## Task description
An exact copy of the entries is needed, with every picture left out.

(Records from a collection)
>>>

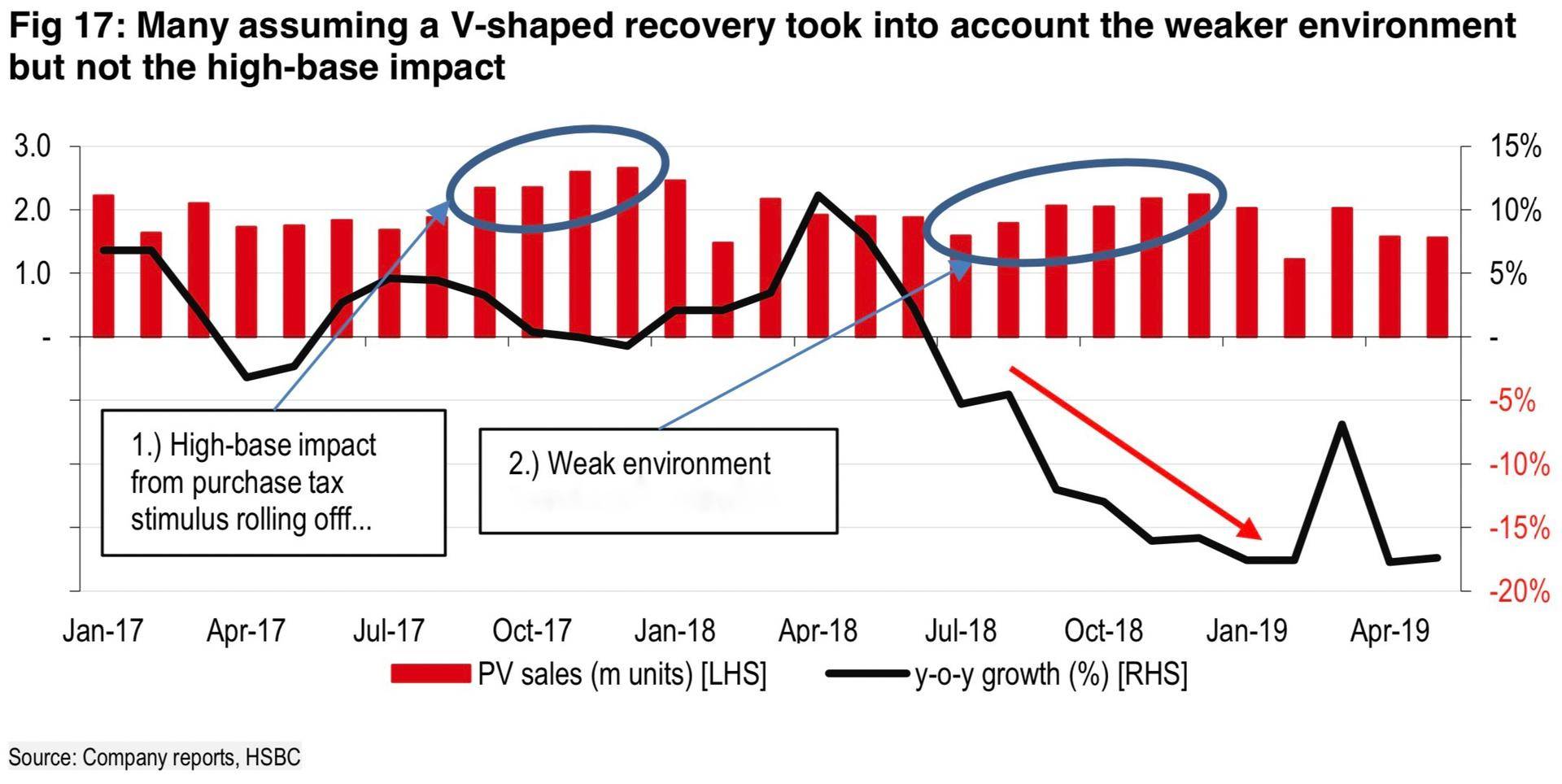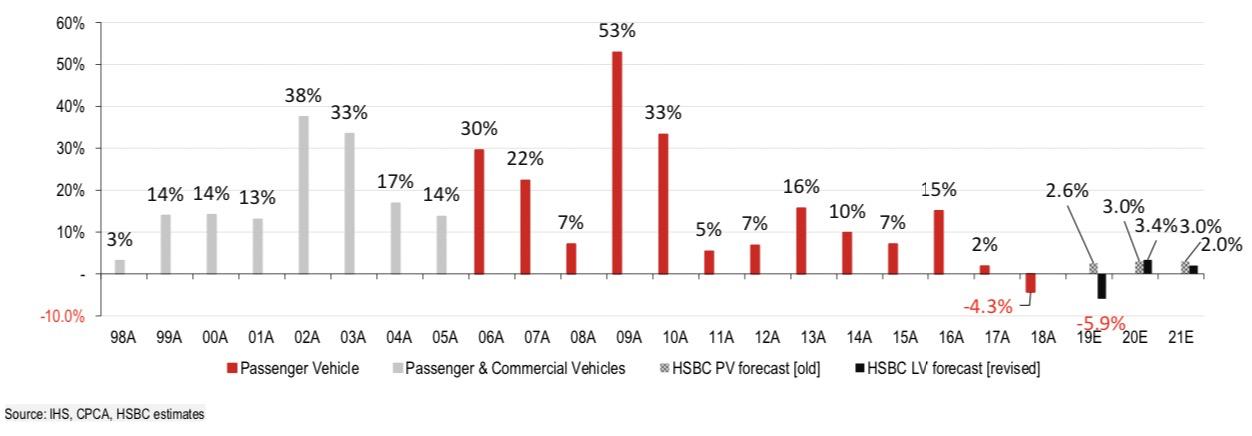 汇丰银行表示,随着双积分等新刺激措施出台,理应在2019年看到相较2018年更好的增长,但目前并未看到此迹象,所以对其增长趋势持悲观态度。
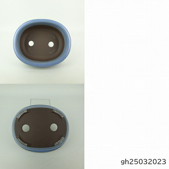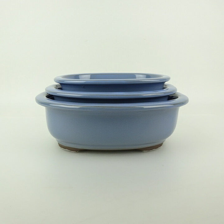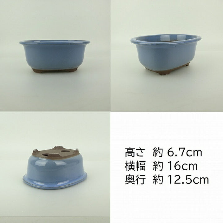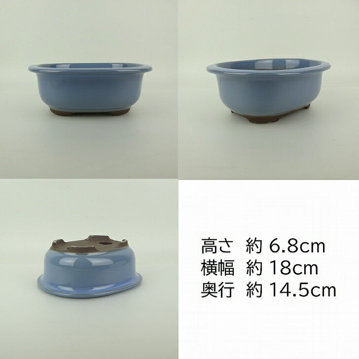 盆栽鉢 万古焼 萬古 3点セット 小型 中型 長辺 約21cm 楕円鉢 縁付 釉薬 新品 数量物 p1198419171
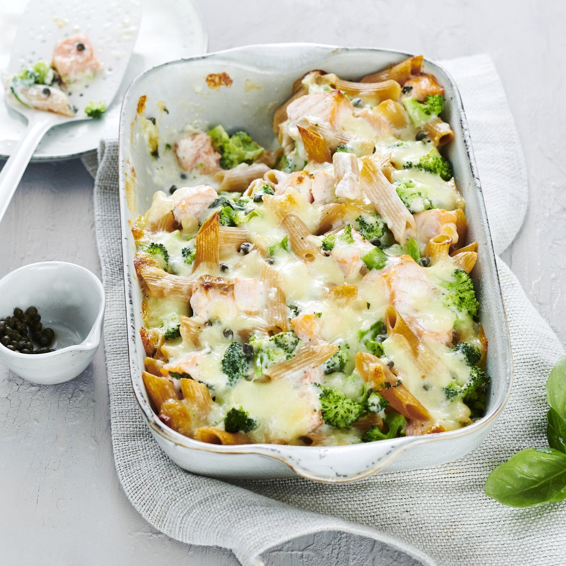Brokkoliauflauf mit Lachs und Vollkornpenne
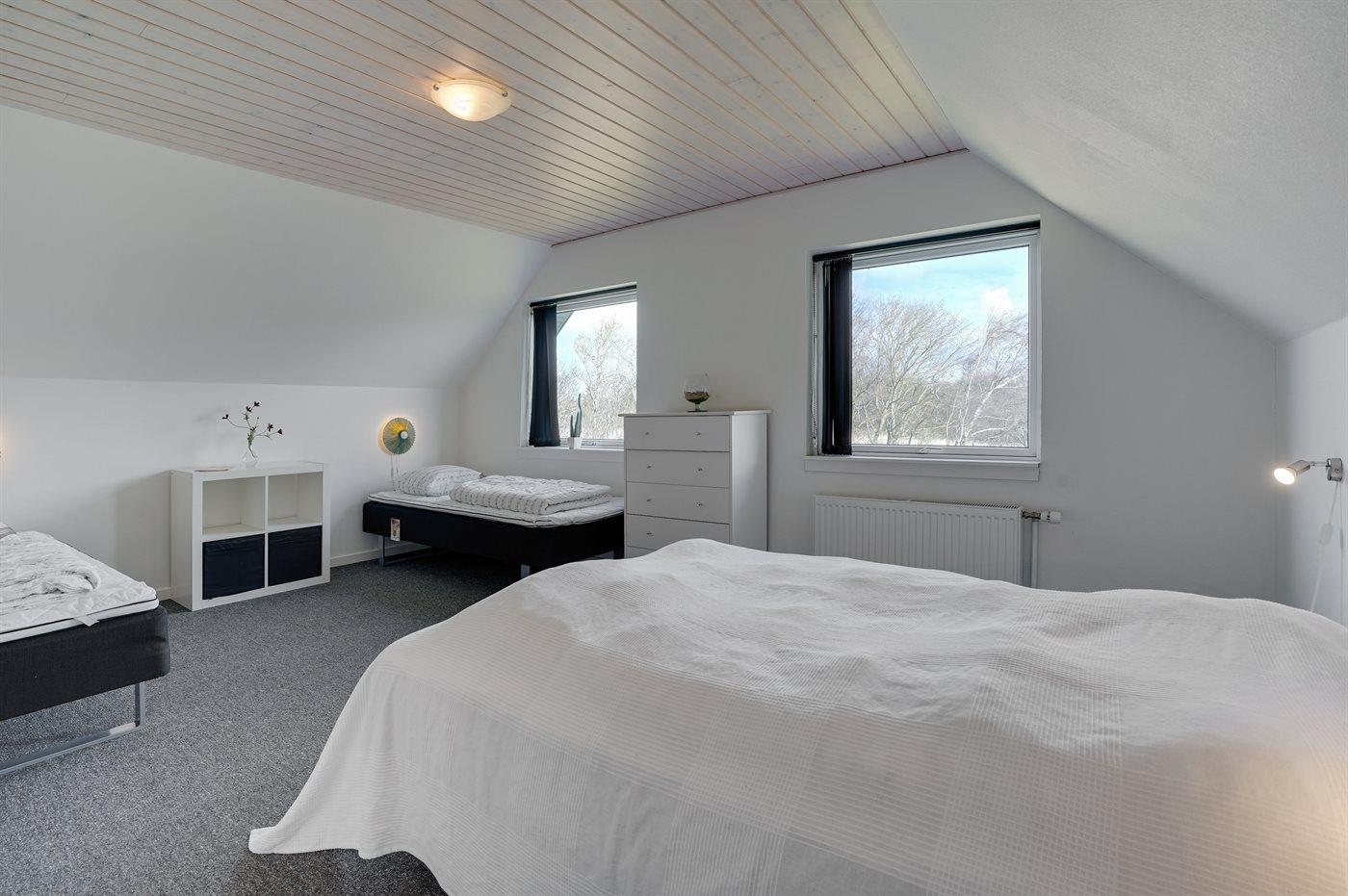 Der er i alt 10 soveværelser. Sovepladserne fordeler sig på: 8 sovepladser i dobbeltsenge. 17 sovepladser i enkeltsenge. Derudover er der 2 stk. barnesenge.
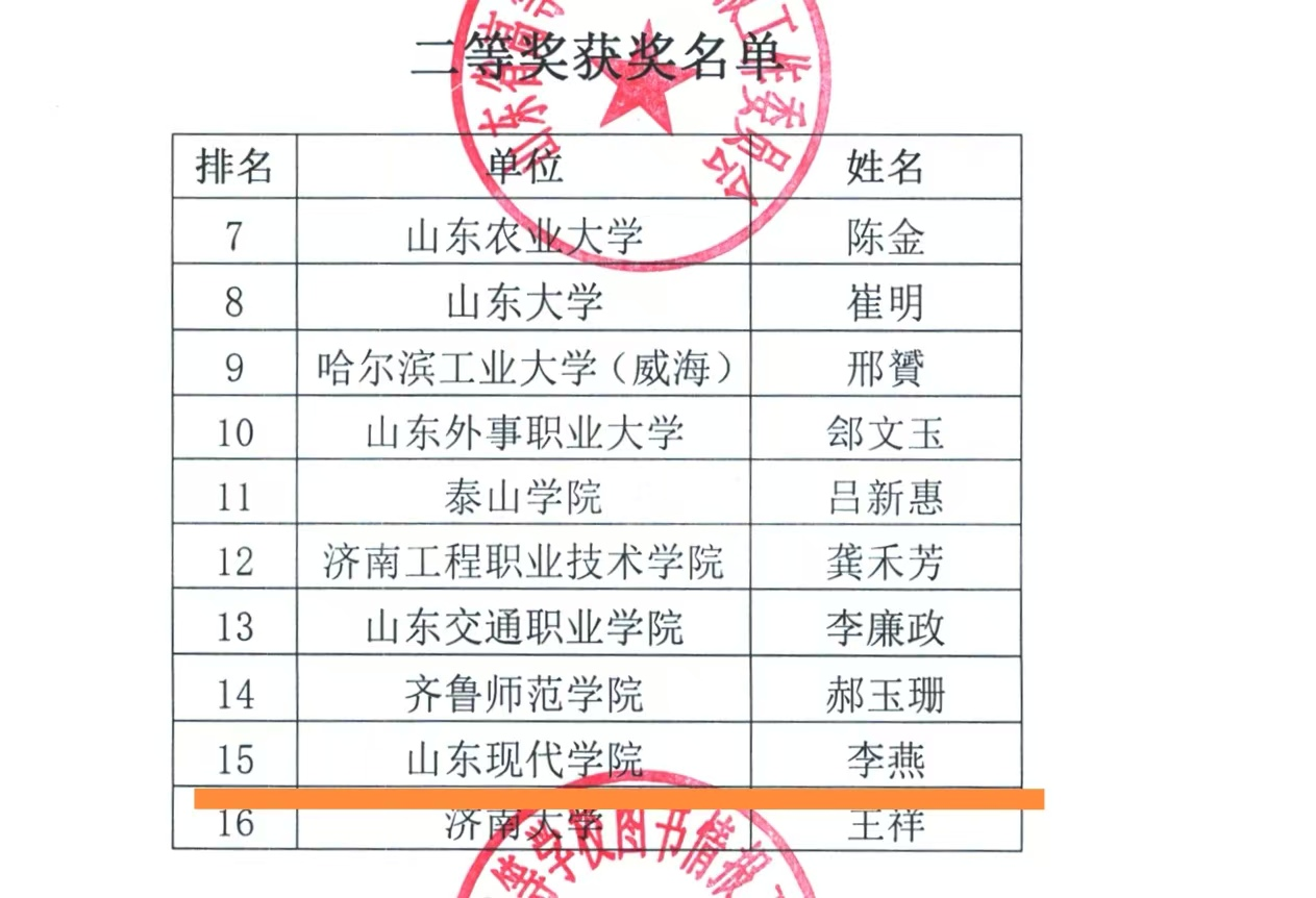 11月11日,第五届山东省高校图书馆馆员业务能力提升“知网杯”网络知识竞赛活动获奖名单揭晓,我校图书馆李燕荣获本次竞赛二等奖。
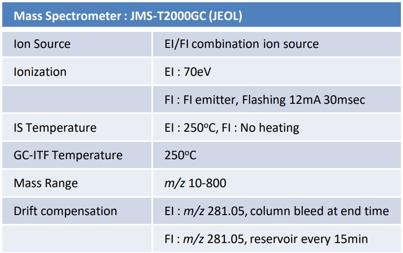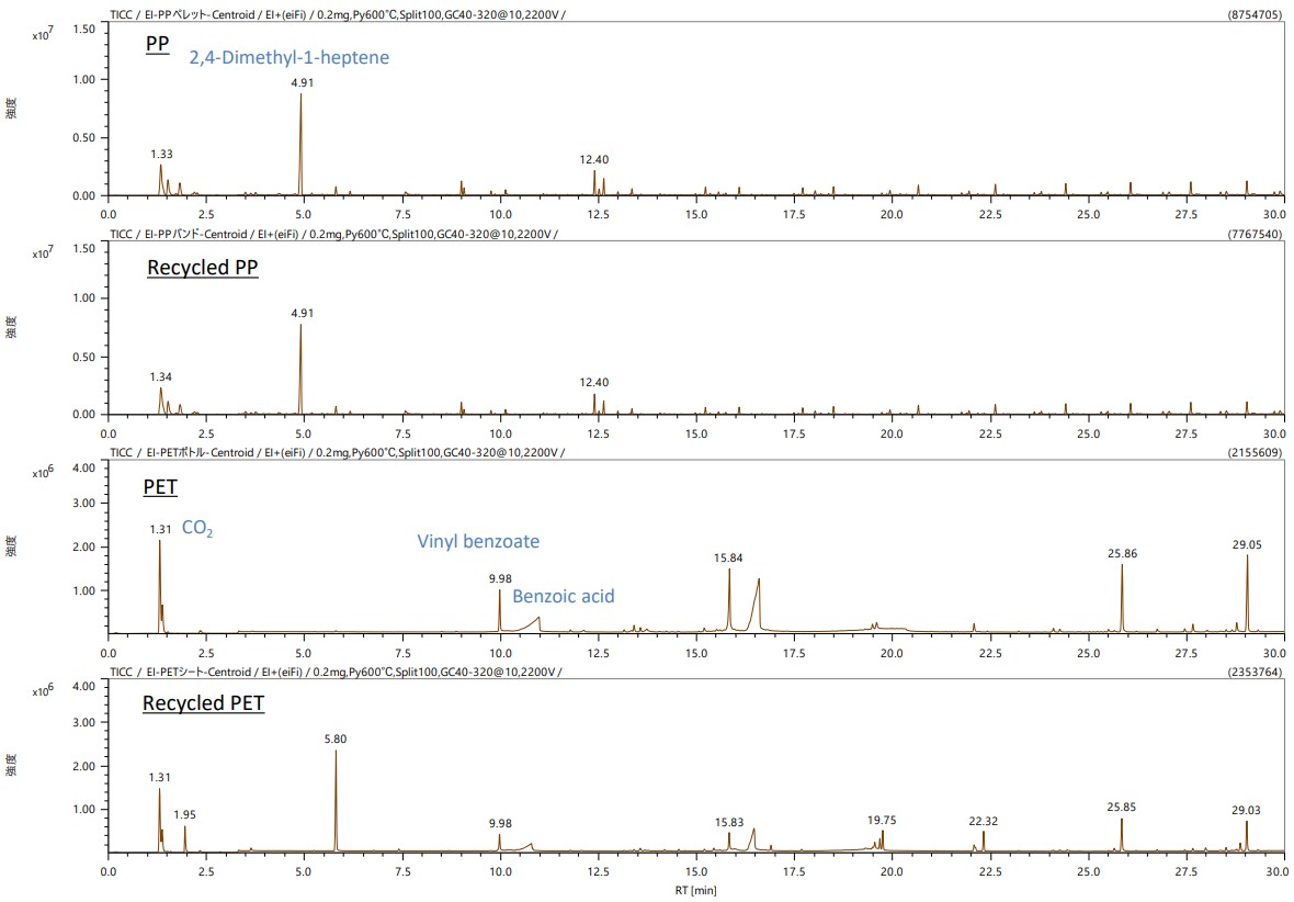 As the sample, commercially available polypropylene (PP), recycled PP, polyethylene terephthalate (PET), and recycled PET products were used. 0.2 mg of each was weighed and measured using Pyrolysis-GC-MS. EI and FI (field ionization) methods were used for ionization. The obtained data was analyzed using msFineAnalysis AI. Table 1 shows details of the measurement conditions.
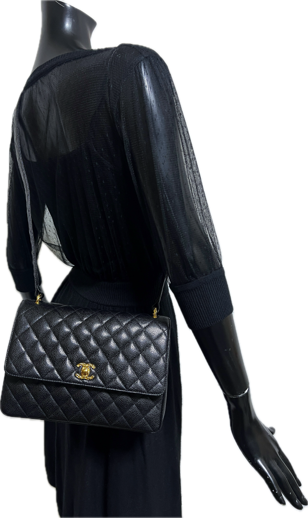 極美品 希少モデル ヴィンテージ シャネル キャビアスキン マトラッセ レザーショルダーバッグ
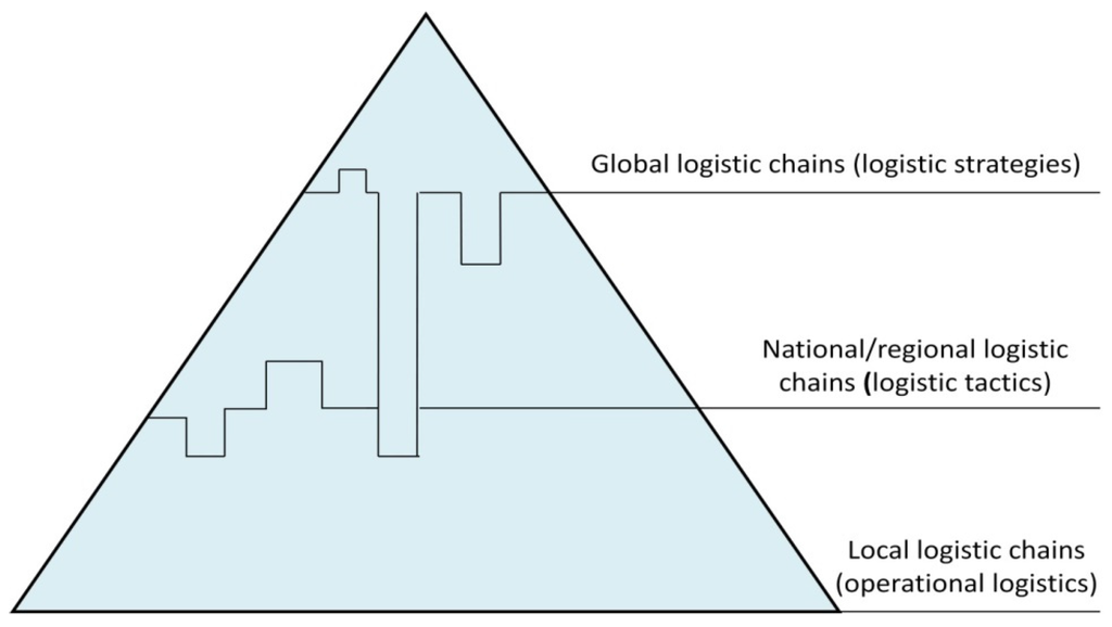 When accepting the application of the mechanisms of optimization and poly-optimization of logistic chains in the social aspect, one ought to indicate the need of a constant training and in-service training of producers and consumers as regards the methods and techniques of the formulation of goals, establishing of preferences and the value systems of a human (a group of humans), of quality assessment criteria and their weight etc. Understanding the place and role of a given human (a group of humans) in an economic system seems to be an essential strategic factor in this area. As it is indicated in Figure 4, the location of the place of logistic strategies on the global market is not unambiguous: we deal with a diversified permeance of three layers: strategic, tactical, and operational ones. However, in each case, in order to compete rationally on the market, a precise definition is essential of the vision, mission and goals expressed in quantitative and qualitative perspectives and so that it can be “processed” mathematically. The approach presented permits an optimization and poly-optimization of the management of ecologistic chains, their designing and improvement (the engineering of logistic processes), as well as an application of MCDM (Multiple-criteria decision-making) type methods. When possessing more and more perfected mathematical models that are supported by the dynamically developing IT sector, one may believe that the occurring non-linear limitations and discontinuities in logistic processes and chains will not cause any increase of the level of risk in relation to the determination of the goal path trajectory (a goal bundle).
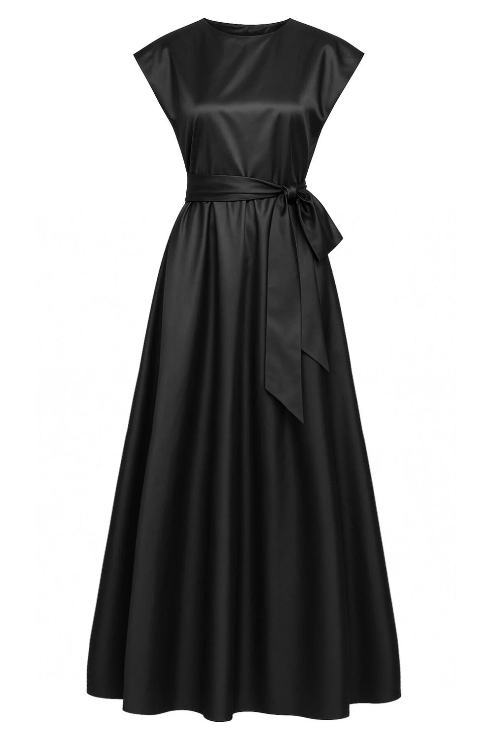 Kimono Kol Detaylı Maxi Boy Antrasit Tafta Şık Elbise

<<<

## Solution below
 汇丰银行表示,随着双积分等新刺激措施出台,理应在2019年看到相较2018年更好的增长,但目前并未看到此迹象,所以对其增长趋势持悲观态度。
 盆栽鉢 万古焼 萬古 3点セット 小型 中型 長辺 約21cm 楕円鉢 縁付 釉薬 新品 数量物 p1198419171
Brokkoliauflauf mit Lachs und Vollkornpenne
 Der er i alt 10 soveværelser. Sovepladserne fordeler sig på: 8 sovepladser i dobbeltsenge. 17 sovepladser i enkeltsenge. Derudover er der 2 stk. barnesenge.
 11月11日,第五届山东省高校图书馆馆员业务能力提升“知网杯”网络知识竞赛活动获奖名单揭晓,我校图书馆李燕荣获本次竞赛二等奖。
 As the sample, commercially available polypropylene (PP), recycled PP, polyethylene terephthalate (PET), and recycled PET products were used. 0.2 mg of each was weighed and measured using Pyrolysis-GC-MS. EI and FI (field ionization) methods were used for ionization. The obtained data was analyzed using msFineAnalysis AI. Table 1 shows details of the measurement conditions.
 極美品 希少モデル ヴィンテージ シャネル キャビアスキン マトラッセ レザーショルダーバッグ
 When accepting the application of the mechanisms of optimization and poly-optimization of logistic chains in the social aspect, one ought to indicate the need of a constant training and in-service training of producers and consumers as regards the methods and techniques of the formulation of goals, establishing of preferences and the value systems of a human (a group of humans), of quality assessment criteria and their weight etc. Understanding the place and role of a given human (a group of humans) in an economic system seems to be an essential strategic factor in this area. As it is indicated in Figure 4, the location of the place of logistic strategies on the global market is not unambiguous: we deal with a diversified permeance of three layers: strategic, tactical, and operational ones. However, in each case, in order to compete rationally on the market, a precise definition is essential of the vision, mission and goals expressed in quantitative and qualitative perspectives and so that it can be “processed” mathematically. The approach presented permits an optimization and poly-optimization of the management of ecologistic chains, their designing and improvement (the engineering of logistic processes), as well as an application of MCDM (Multiple-criteria decision-making) type methods. When possessing more and more perfected mathematical models that are supported by the dynamically developing IT sector, one may believe that the occurring non-linear limitations and discontinuities in logistic processes and chains will not cause any increase of the level of risk in relation to the determination of the goal path trajectory (a goal bundle).
 Kimono Kol Detaylı Maxi Boy Antrasit Tafta Şık Elbise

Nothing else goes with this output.